Dow hits fresh high then retreats as hawkish Fed projections lift yields and unsettle risk assets

    by VT Markets
    /
    Jun 18, 2026

    The DJIA set a third consecutive record early on Wednesday before reversing after the Fed held policy steady but paired the decision with more hawkish projections. The index fell to a session low near 51,800, about 480 points below its intraday peak, and then steadied modestly lower. The FOMC left the target range at 3.50% to 3.75% on a unanimous 12 to 0 vote, compared with an 8 to 4 split in April. It removed its easing bias and restated a commitment to price stability, while upgrading its view on job gains and pointing to strong productivity and investment.

    The SEP drove the repricing: the median 2026 federal funds projection rose to about 3.8% from 3.4% in March, while the median 2026 PCE inflation forecast increased to 3.6% from 2.7%. In response, the 2-year Treasury yield rose about 11 basis points to near 4.16%. Warsh announced five task forces to review Fed operations, including the balance sheet, and said changes to the communications framework and the SEP could come by year-end. Rate-sensitive segments weakened, with the Nasdaq Composite and Russell 2000 down close to 1% at their worst, as retail sales rose 0.9% in May. Key levels cited were resistance at 52,000 and 52,300, with support at 51,800 and then 51,500.

    Market Volatility and Defensive Positioning

    The Fed’s hawkish turn signals higher volatility ahead. We see the CBOE Volatility Index (VIX) has already jumped over 30% to above 17, a clear sign of rising market fear. Our immediate response is to purchase put options on broad market indices like the SPX and the DIA to hedge against a further slide from these highs.
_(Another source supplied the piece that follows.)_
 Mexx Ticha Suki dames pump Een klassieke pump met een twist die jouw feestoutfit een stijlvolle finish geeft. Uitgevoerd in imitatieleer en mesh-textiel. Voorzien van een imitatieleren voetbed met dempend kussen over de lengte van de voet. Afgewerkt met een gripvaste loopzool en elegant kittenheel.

    The failed breakout above 52,300 is a significant bearish signal, creating a strong ceiling for the market in the near term. We are establishing bear call spreads with strike prices above the 52,000 level to capitalize on this new resistance. This strategy profits from both a drop in the Dow and sideways consolidation as the market digests the Fed’s new stance.
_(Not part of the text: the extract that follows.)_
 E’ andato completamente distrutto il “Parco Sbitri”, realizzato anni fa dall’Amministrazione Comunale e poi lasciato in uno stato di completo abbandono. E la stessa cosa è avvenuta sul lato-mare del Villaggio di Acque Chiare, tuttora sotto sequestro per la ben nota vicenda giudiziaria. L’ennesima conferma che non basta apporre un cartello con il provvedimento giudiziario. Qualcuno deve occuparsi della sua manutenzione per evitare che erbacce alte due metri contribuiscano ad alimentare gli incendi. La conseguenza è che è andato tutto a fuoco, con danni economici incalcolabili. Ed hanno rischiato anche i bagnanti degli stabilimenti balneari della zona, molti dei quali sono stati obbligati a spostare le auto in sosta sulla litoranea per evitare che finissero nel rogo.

    Sector Rotation, Yields, and Broader Market Impact

    We are repositioning away from the rate-sensitive growth sectors that have led the market for months. Fund flow data already shows technology-focused funds have seen over $2 billion in outflows this week, a trend we expect to accelerate. We are buying puts on the Nasdaq 100 and rotating into call options on financial sector ETFs, which tend to benefit from a higher-for-longer rate environment.
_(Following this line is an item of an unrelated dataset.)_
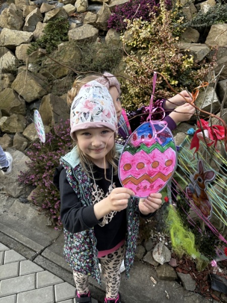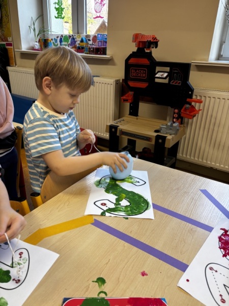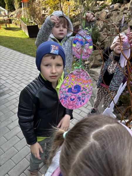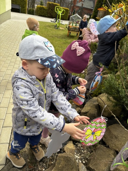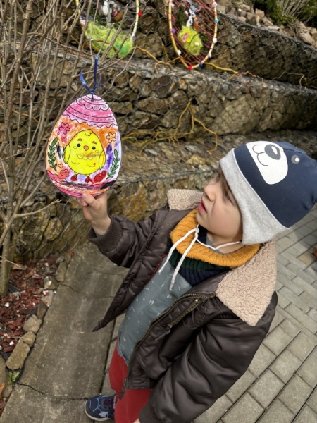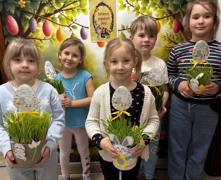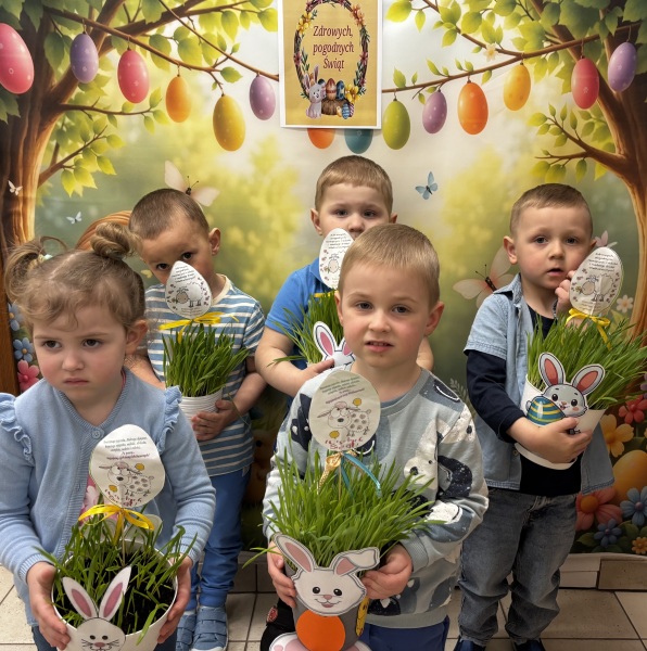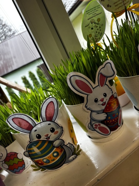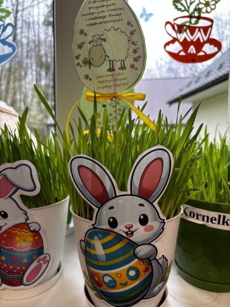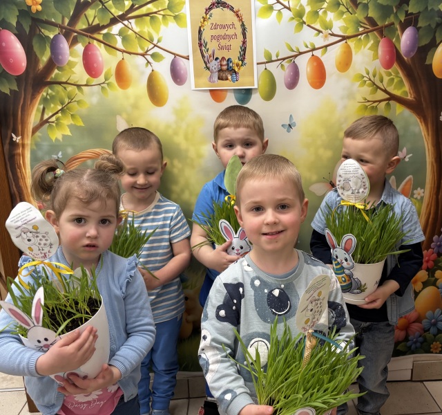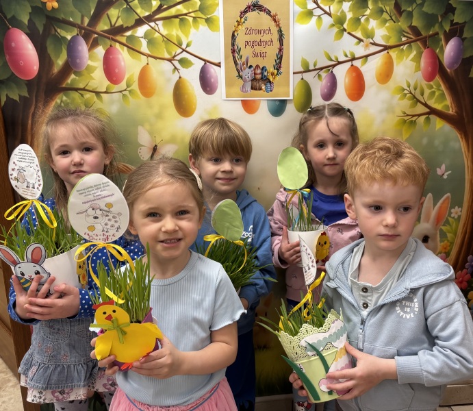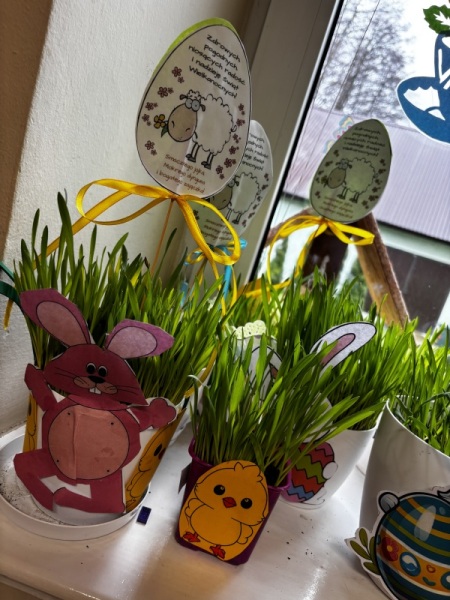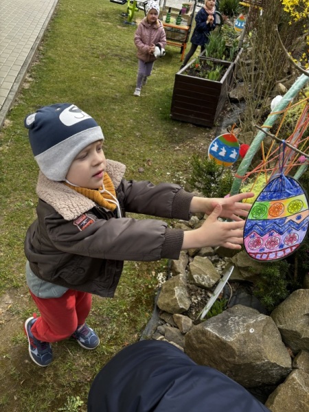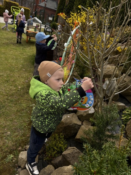 Dzieci z ogromnym zaangażowaniem przygotowywały się do nadchodzących Świąt Wielkanocnych. Kolorowały i ozdabiały pisanki, a także malowały jajka do koszyczków. Z radością zawieszały swoje prace na drzewkach, tworząc piękne, wiosenne dekoracje. Przedszkolaki troskliwie pielęgnowały również swój owies, który wcześniej samodzielnie zasiały – obserwując każdego dnia, jak rośnie i się zazielenia.

    The sharp rise in the 2-year Treasury yield to 4.16% is the market’s most direct reaction. We anticipate further upward pressure on short-term rates and are looking at opportunities to short 2-Year Treasury Note futures. Historically, such aggressive Fed pivots cause the yield curve to flatten, as we’re seeing now with the 10-2 year spread narrowing by 5 basis points.

    The pain in small caps, with the Russell 2000 falling sharply, suggests broad economic concerns are taking hold as these companies are more sensitive to rising borrowing costs. The equity put/call ratio has spiked to 0.78, its highest reading in two months, which shows traders are rushing to buy downside protection. This confirms our defensive bias and supports holding these protective positions for the coming weeks.